The theme of a woman reclaiming her power through violence is central to the anchor story, “Palm Beach Poison”, as well. In this one, though, the protagonist is a maternal figure, turning to violence not in defense of her own life but in vengeance for wrongs done on her daughter and other exploited young women. This is the only story that feels like it could take place in reality, with no speculative elements, and weirdly was also one of my favorites, I think because of how well the powerful protective urge of protagonist Ms. Dominguez comes through on the page. She feels like a real mother with understandable motivations, and an easy character to root for.

In between these near-reality settings are varying degrees of slant reality. “Dawn of the Box Jelly” is set in a very near future, where the warming waters and ocean pollution have had an unexpected impact on sea life. “Diving for Pearls” gives the reader an alternate history of the indigenous people made to risk their lives to gather pearls for the Spanish conquistadors. “Asylum” is a slightly further post-apocalyptic future that flips a cartel leader from villain to hero. “At the Bottom of my Lake of Blood” seems to be set in a more different near-future apocalypse, though told from the POV of an Aztec death goddess resurreced in the process. “Lobster Trap” has a fun POV, too—a lobster plotting revenge on humans for hunting her kin.

The story that’s the most speculative in terms of setting is “El Alacrán”, which is another post-apocalypse kind of narrative, though set far enough in the future it feels like a secondary world. This is also the longest work, which I appreciated—it was a world I was happy to linger in, with a fun magic swasbucklers kind of vibe.

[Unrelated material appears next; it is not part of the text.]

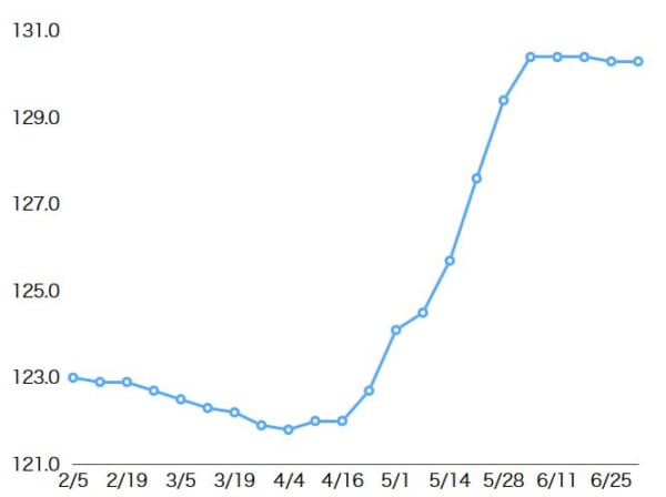 | 新潟 | 131.2 | 130.6 | 0.5% |

The protagonist is the titular Alacrán, or scorpion, captain of a pirate ship in a post-technological world, who has to team up with her arch rival Ossibus to resist conquest by an invading king. “El Alacrán” might just be my favorite piece in the collection and I especially appreciated its structure—the details of the characters and world are used very effectively to help build tension and add stakes, and it’s got a page-turning pacing that I appreciate in a story of this length.

My only major critique of Out of Atzlan is less one of writing than editing. There were aspects of it that made it feel a bit rushed—enough small typos and other proofreading errors for me to notice, for one thing, but there were also places the writing itself felt like it could be tightened. That said, it was never enough to pull me out of the story, and when it comes to core elements like worldbuilding and character development, it’s well-crafted. The stories in this collection blend genres in a very fun and fresh way, and they’re full of characters who are easy to root for.